┌──
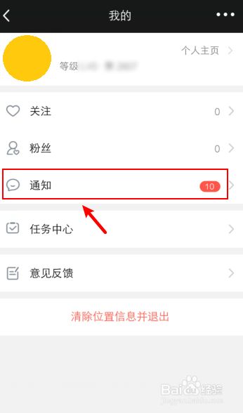 在我的页面,点击“通知”。
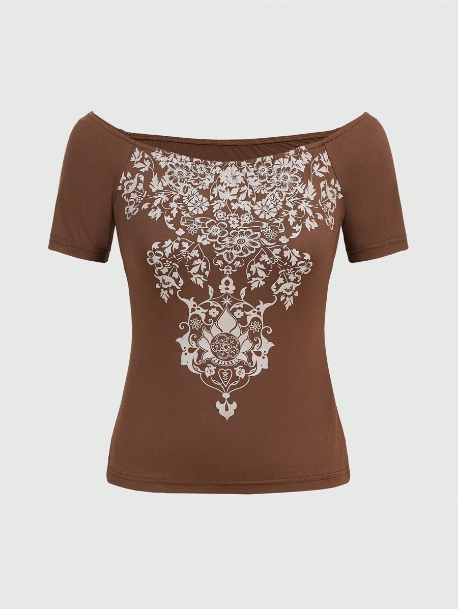 Fairycore Women's Off-shoulder Floral Print Tee With Raglan Sleeves
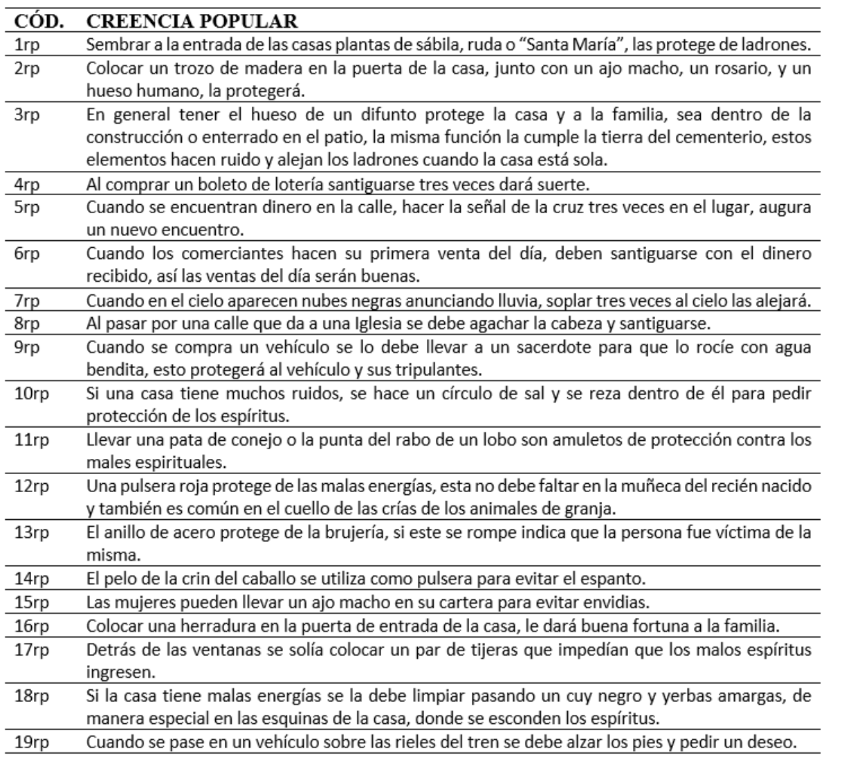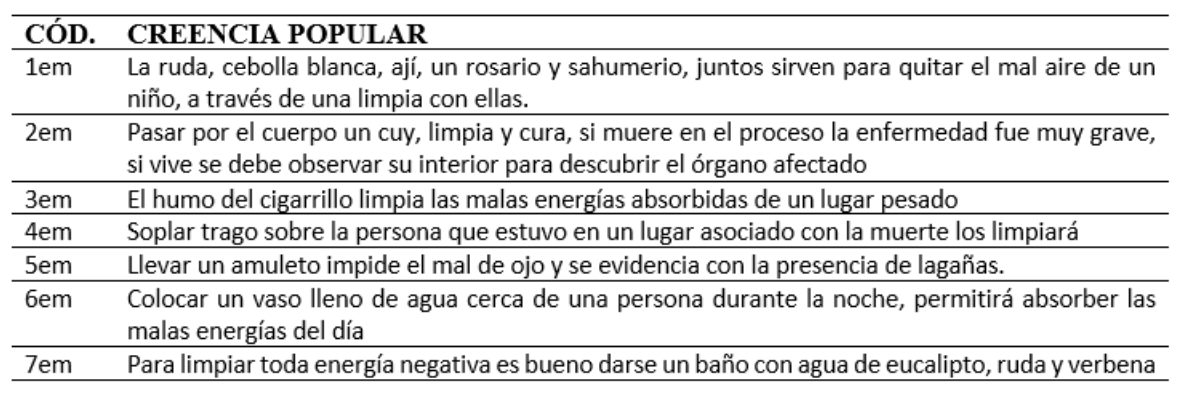 Citación/como citar este artículo: Sandoval, M., Villacrés, M., Plaza, J. y López, M. A. (2022). Creencias populares transmitidas en el contexto familiar: Relatos de manifestaciones culturales mágicas y narrativas de Riobamba. ReHuSo, 7(1) 1-18. DOI: https://doi.org/10.5281/zenodo.5814010
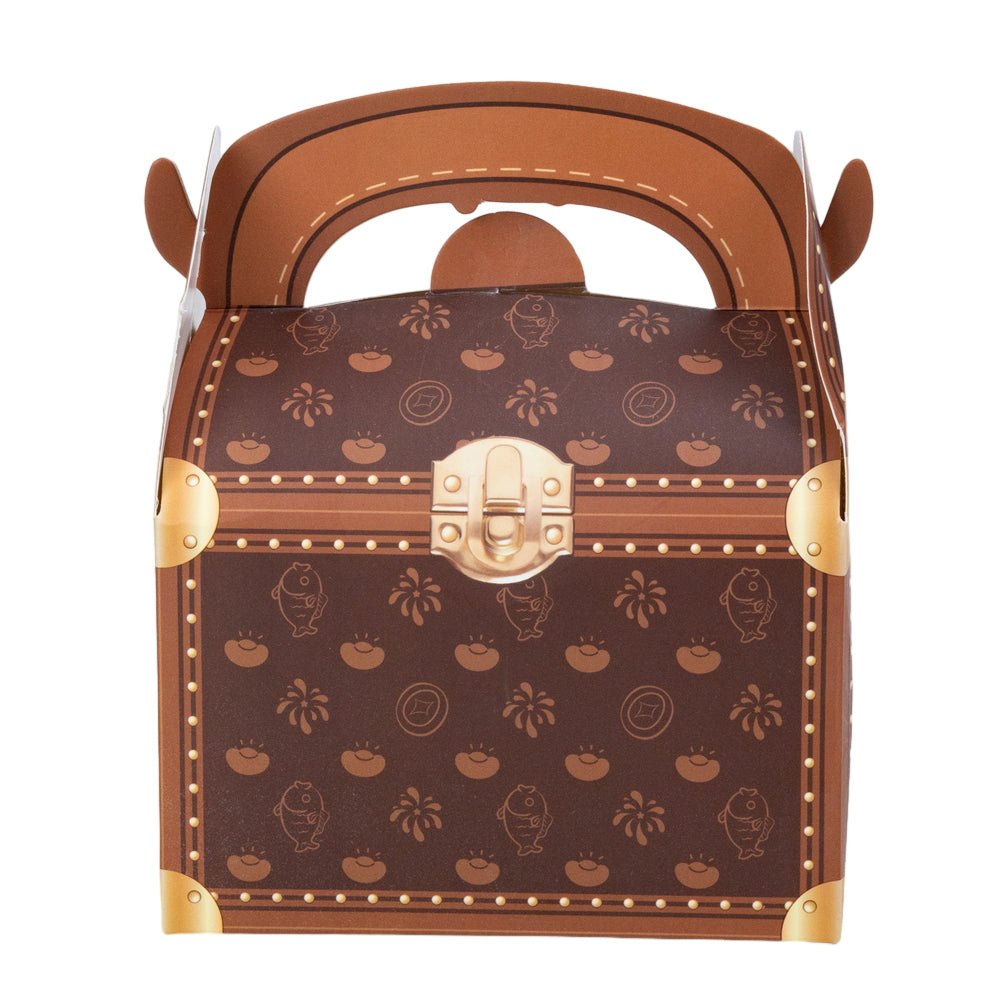 O cutie de hârtie premium, cu un design elegant, inspirat de cuferele de călătorie, ce se remarcă prin aspectul său de "mini-geantă" și accentele aurii. Perfectă pentru a ambala cu stil mici surprize, cadouri corporate sau produse artizanale.
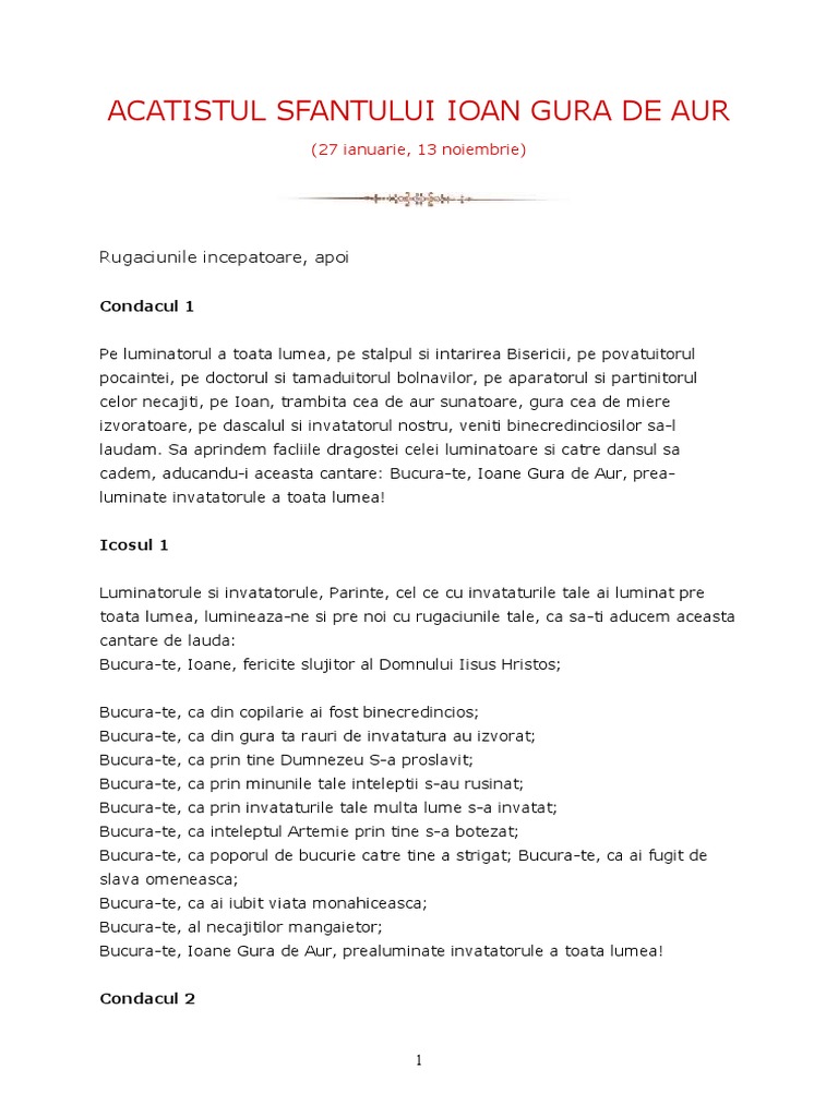 Rugaciune Ortodoxa Acatistul Sfantului Ioan Gura De Aur
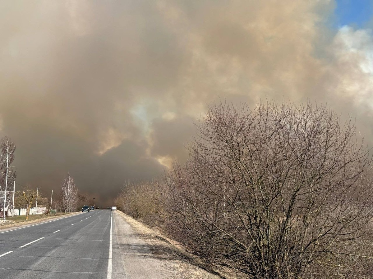 ⏩Из-за сильного ветра огонь в Пинском районе продолжает распространяться и приближается к Стытычево
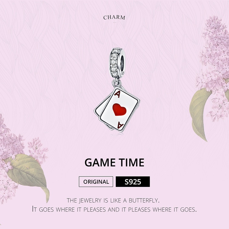 Bamoer Poker Ace Charme Pingente Duplo Para 925 Prata Charm Bracelet Jóias Diy Scc1172
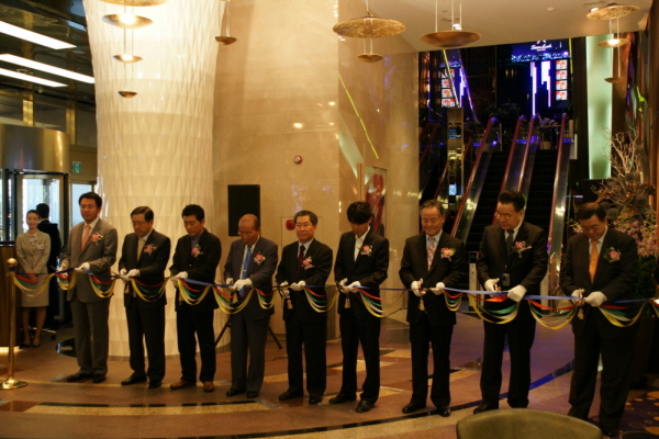 | <사진=(주)그랜드코리아레저(GKL)9일 오후 외국인전용 카지노 세븐럭 서울강남점 3층 오픈행사에서 GKL 권오남 사장(왼쪽에서 5번째)을 비롯한 인사들이 테이프 커팅을 하고 있다.> | ||
└──
Work request
Every line from the one containing "Fairycore Women's Off-shoulder" to the final line of the records should be duplicated exactly; no picture is to be copied.

The completed task
 Fairycore Women's Off-shoulder Floral Print Tee With Raglan Sleeves
 Citación/como citar este artículo: Sandoval, M., Villacrés, M., Plaza, J. y López, M. A. (2022). Creencias populares transmitidas en el contexto familiar: Relatos de manifestaciones culturales mágicas y narrativas de Riobamba. ReHuSo, 7(1) 1-18. DOI: https://doi.org/10.5281/zenodo.5814010
 O cutie de hârtie premium, cu un design elegant, inspirat de cuferele de călătorie, ce se remarcă prin aspectul său de "mini-geantă" și accentele aurii. Perfectă pentru a ambala cu stil mici surprize, cadouri corporate sau produse artizanale.
 Rugaciune Ortodoxa Acatistul Sfantului Ioan Gura De Aur
 ⏩Из-за сильного ветра огонь в Пинском районе продолжает распространяться и приближается к Стытычево
 Bamoer Poker Ace Charme Pingente Duplo Para 925 Prata Charm Bracelet Jóias Diy Scc1172
 | <사진=(주)그랜드코리아레저(GKL)9일 오후 외국인전용 카지노 세븐럭 서울강남점 3층 오픈행사에서 GKL 권오남 사장(왼쪽에서 5번째)을 비롯한 인사들이 테이프 커팅을 하고 있다.> | ||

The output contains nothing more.